Nice to hear from you. I am on the maximum dose of MTX doesn't appear to be

making much difference a few months back they added Ciclosporin to the mix

but apart from an initial improvement to my P, it has not done too much either.

Having said that though, plenty of people in this group are very happy with

what MTX is doing for them so why don't you give it a try. I can also report

no side affects while on the MTX pre Ciclosporin. (I tend to feel nauseous

since starting the latter)

Hope it works for you.

[Guest guest]

Hi Tam,

I am a 43 year old male. I was diagnosed with PA 3years ago after 1-2

years of pain and various other reasons for it(bad knee, lose weight,

not enough excercise). After being diagnosed, I went 6-9 months

trying various NSAIDs that my Rheumatologist prescribed. Most had

little to no effect, none worked. My rheumy & I agreed to try MTX.

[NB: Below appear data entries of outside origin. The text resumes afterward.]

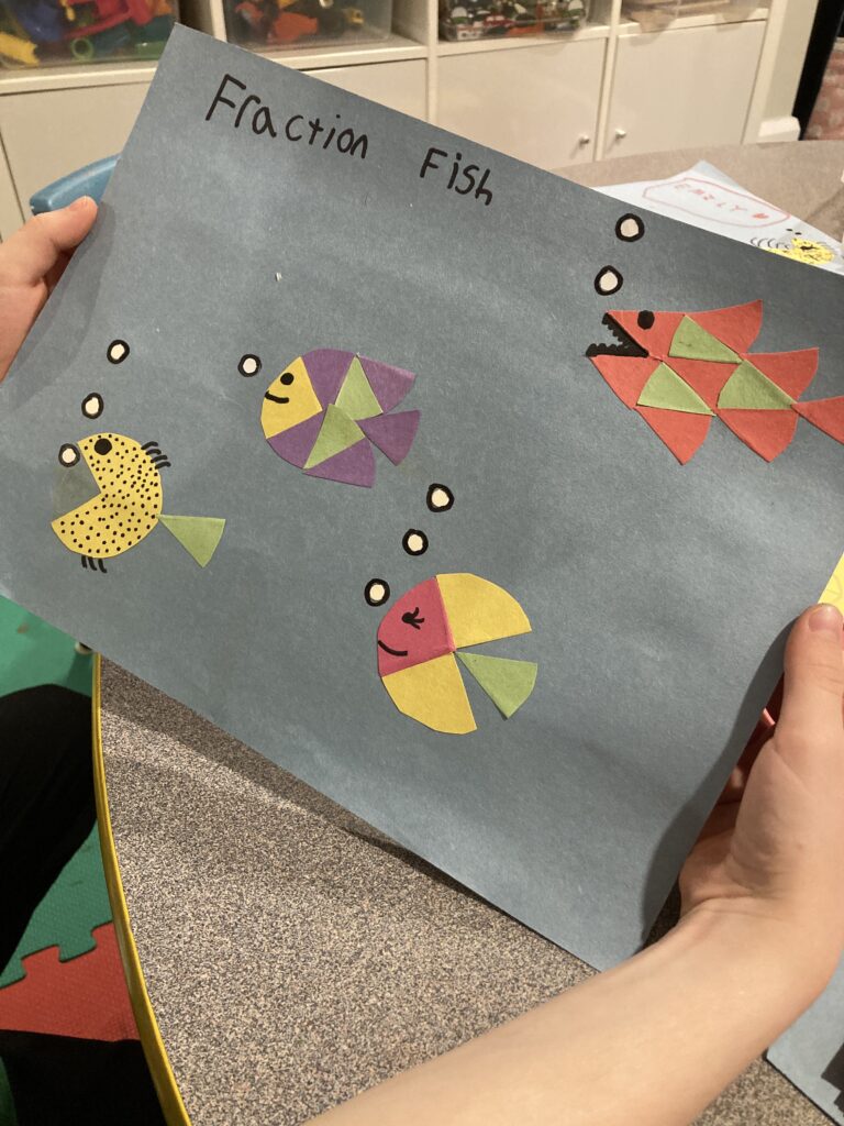 Fraction fish came from my son, who was shown it at school. I thought it was too good not to share with anyone who might be homeschooling. Such a simple and cute strategy for teaching fractions to kids.
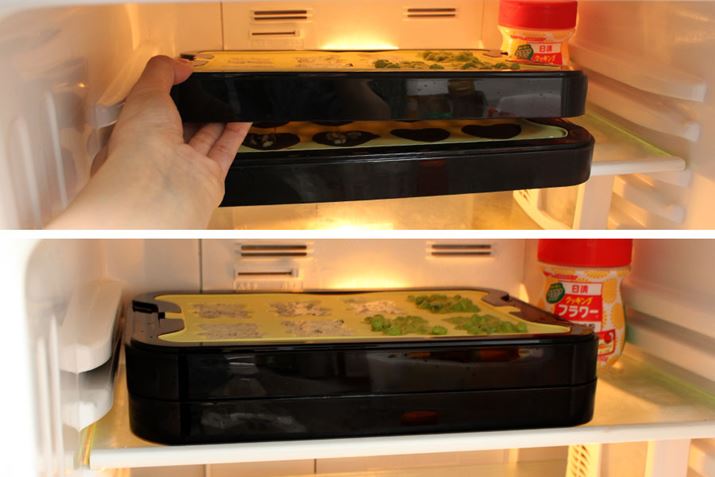 モールドを乗せるトレイは、上下に重ねることができます。冷蔵庫に入れておきやすい省スペース設計がうれしい
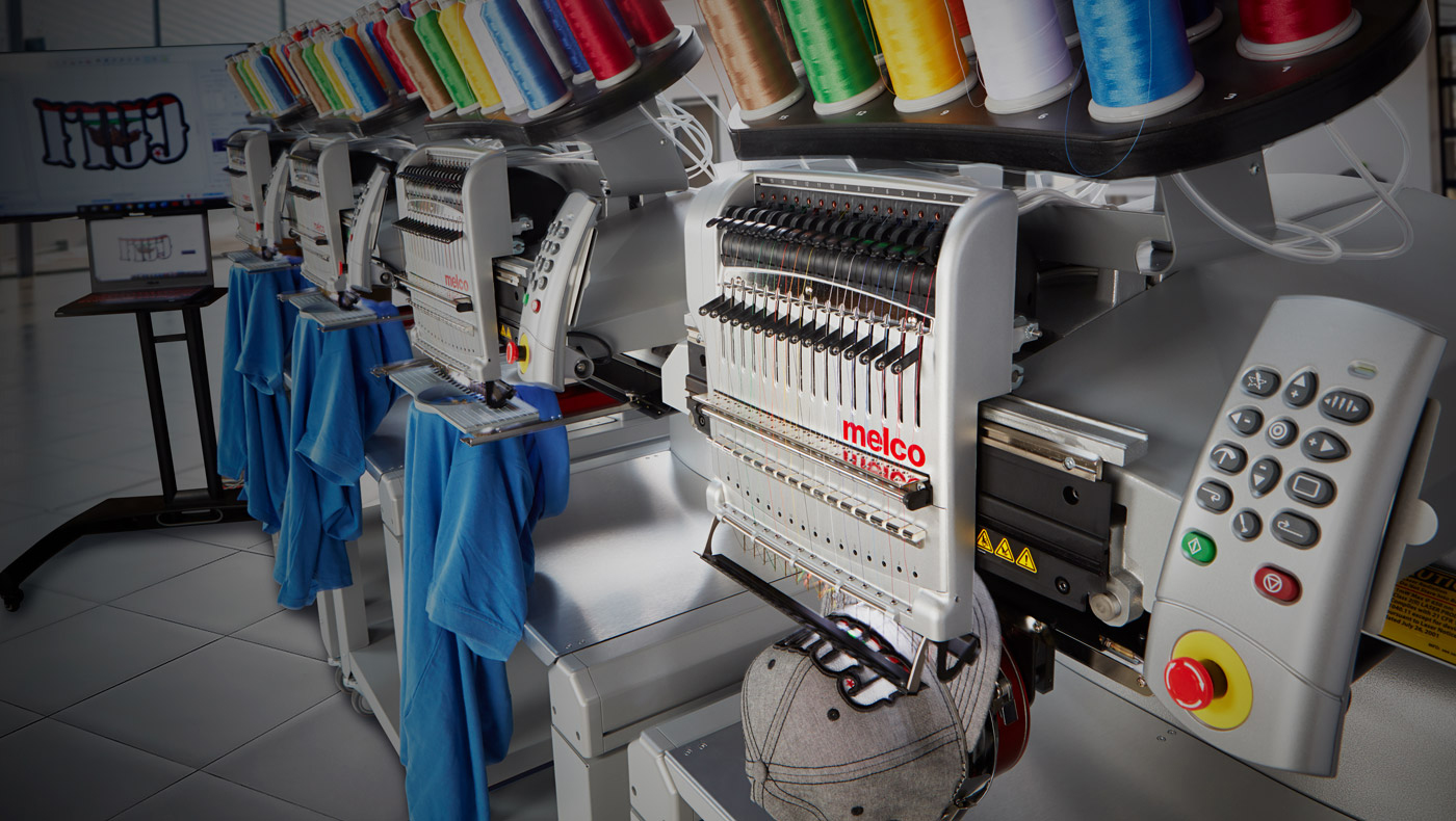 These awesome looking machines lend themselves nicely to beautiful photography. As lead on this project, I was tasked with making the viewer imagine this machine in their shop or production facility. Not only that, these photos needed to show that Melco machines and software are capable of producing high quality embroidery on the hats, jackets, and other apparel and clothing items that they sell.
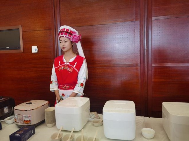 (参加发布会的嘉宾现场品尝“洱海留香”臻品软香米)

I started a 10mg a week and within 2-4 weeks, most pain was GONE,

slowly my sausage fingers and toes returned to normal, and by week 6-

8 was normal. I never had side effects, still don't. It's now, 2.5 -

2.75 years at 10mg and I have had few flares of stiffness or pain,

but they usually are brought on by my overdoing it, or at times of

stress. And they last only a day or two. I may need to up my

dosage at some time, but not likely for now.

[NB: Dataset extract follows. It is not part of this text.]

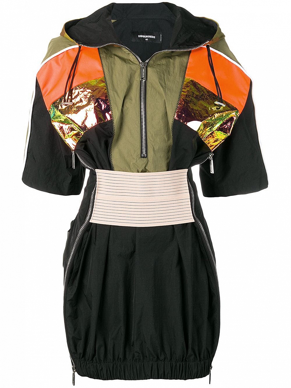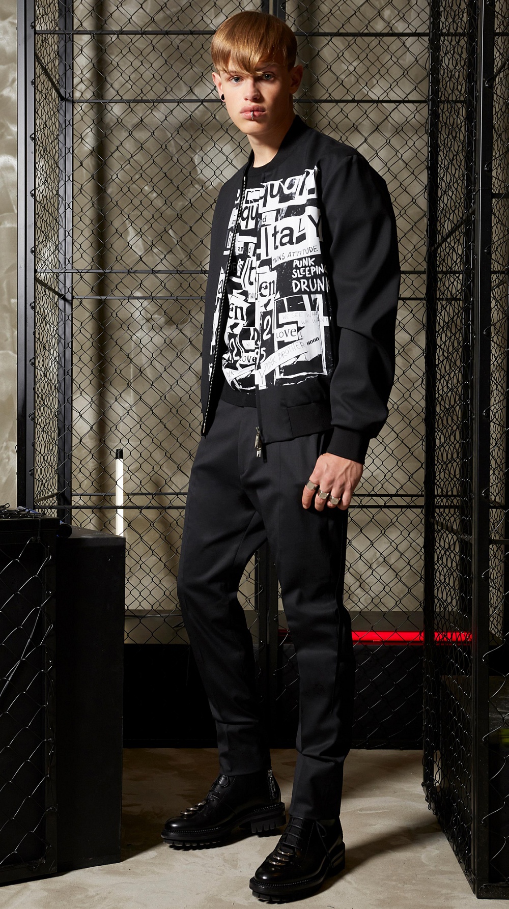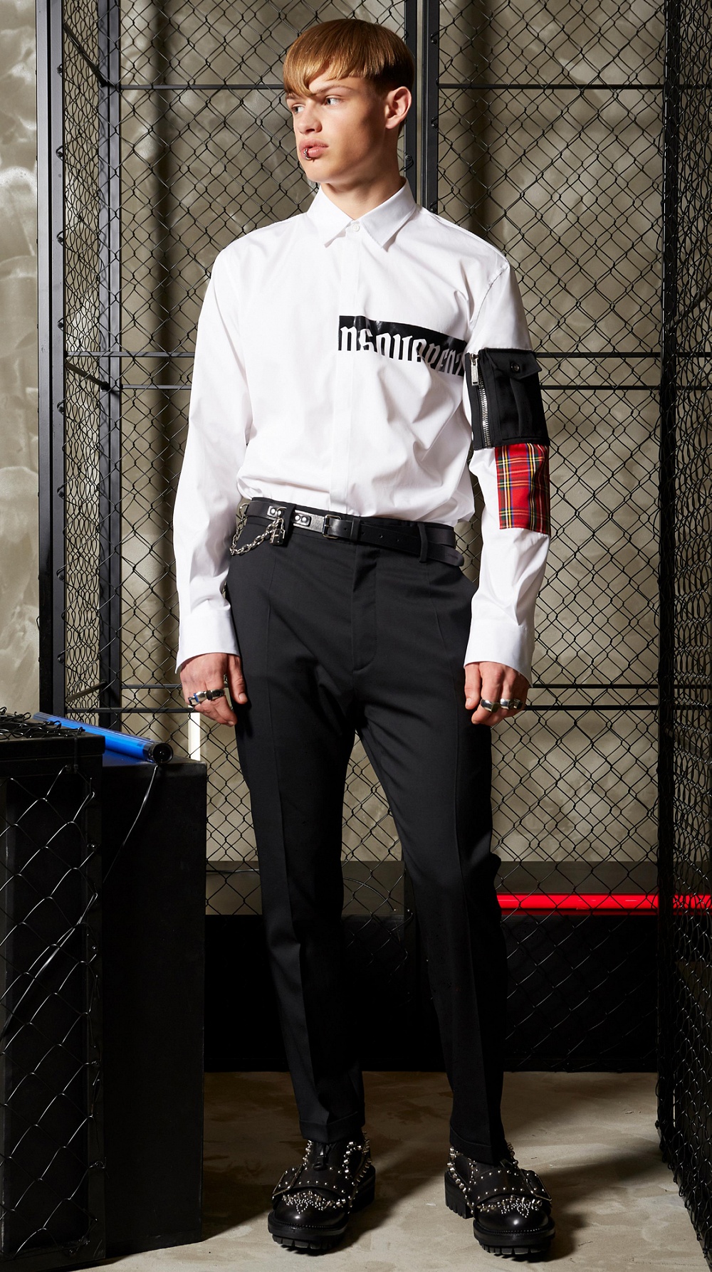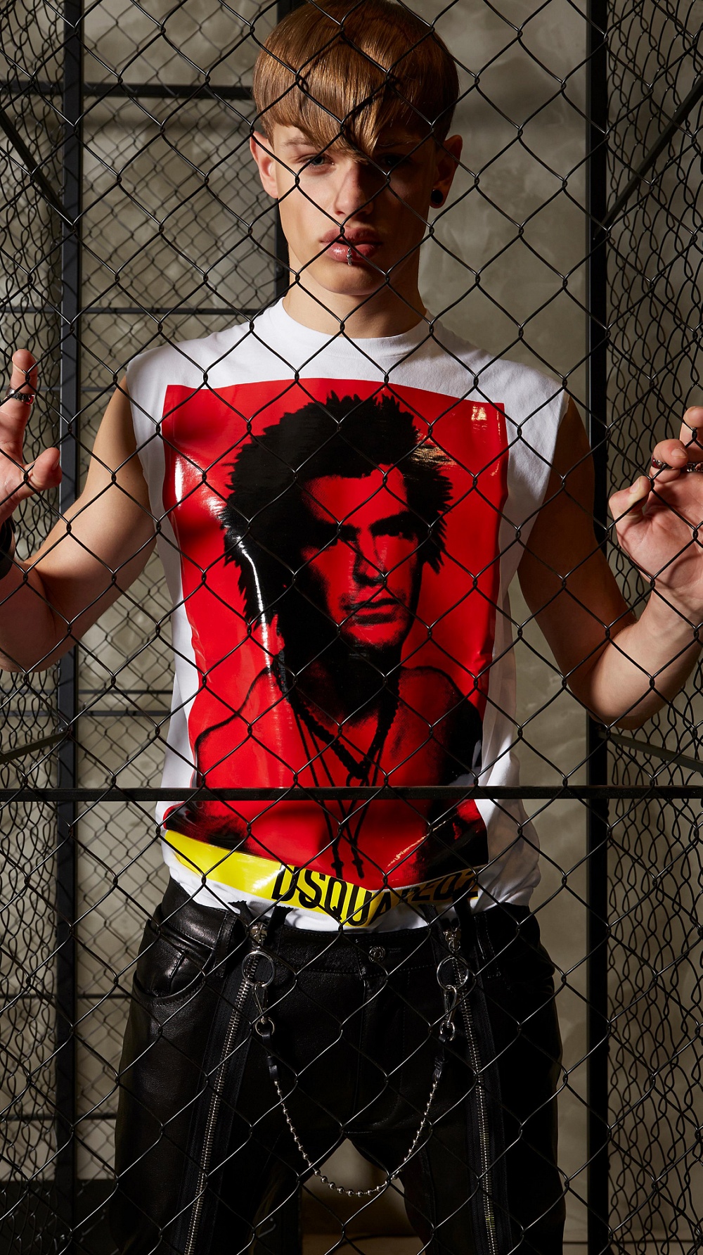 В своей новой весенне-летней коллекции братья Дин и Дэн Кейтены из итальянского бренда Dsquared2 совместили бунтарский рок-н-рольный дух с элементами набирающего популярность стиля warcore. Как женские, так и мужские образы напоминают об эпохе 90-х, когда в моде были брюки карго, в духе Лары Крофт, футболки с портретами рок-звезд и массивные кроссовки. В пару к ним дизайнеры предлагают носить мешковатые тренчи, лётные куртки и другие вещи в армейском стиле, выполненные из шелка и нейлона.

There are a few negatives, NO alcohol. bi-monthly blood testing. And

I likely will need to have a liver biopsy in the next 12-18 months.

There is no question that I made the right decision for me. I went

from constant pain, several sausage digits, barely able to walk, to

99% Normal.

Stay Well,

[Guest guest]

I have been on MTX since January and have had good results with my

fingers. It took 8 months until I got to the right dose and results

that I needed. I started at 7.5mg and I am at 20 mg now. I noticed

that it was 2-3 months for MTX to get to full effect. I also take

200mg of celebrex once a day. I have no side effects. I get a blood

test every month. My doctor allows one glass of wine a day.

> Hi all,

> I am usually a lurker but after joining some time back i have since

> moved on to several different meds. Its now been suggested I take

> Methotrexate along with my other meds (azulfidine/tolmetin) and I

> had hoped I'd improve before that but haven't. Like most others the

> energy level I lack along with the pain have not improved and I

have

> grown tired of watching my 75 year old mother having more energy

> than me!

> If I could I'd like to hear how methotrexate has improved or

> affected others and if they had side effects that made it not worth

> it or made it worth it. How long most had to take it and does it in

> a sense put the PA in remission.

> My next course of action is enbrel and I don't know if the

insurance

> will cover it.

> Thanks for your replies!

> Tam

[Guest guest]

Hi Tam...

I was told the MTX takes up to a couple of months to really get in your system

and have an impact ~ I have been on it for five months now ~ but combined with

Remicade ~ and I have hardly any issues.

My current goal is to try and stop the remicade (I receive treatment currently

every 6 weeks, rather than the normal 8), but I'd like to either extend the time

period longer or if possible, stop and see if I have the same benefits with just

the MTX (and Celebrex for minor help). If so, of course, I'd like to stop the

MTX, but...

Good Luck,

tlcatl <tachappell@...> wrote:

Hi all,

I am usually a lurker but after joining some time back i have since

moved on to several different meds. Its now been suggested I take

Methotrexate along with my other meds (azulfidine/tolmetin) and I

had hoped I'd improve before that but haven't. Like most others the

energy level I lack along with the pain have not improved and I have

grown tired of watching my 75 year old mother having more energy

than me!

If I could I'd like to hear how methotrexate has improved or

affected others and if they had side effects that made it not worth

it or made it worth it. How long most had to take it and does it in

a sense put the PA in remission.

My next course of action is enbrel and I don't know if the insurance

will cover it.

Thanks for your replies!

Tam

[Guest guest]

For me...

It's been 10 months of increasing dosage if MTX. Presently I'm on

25mg injected - the max dose that my rhumy will perscribe. I'm also

on 200mg Celobrex twice each day. The swelling is better but I'm

afraid without my morphine I'd still be unable to function very

well. I go back to see my rhumy in three weeks to reasess - full

series of x-rays to compare to the ones taken 10 months ago.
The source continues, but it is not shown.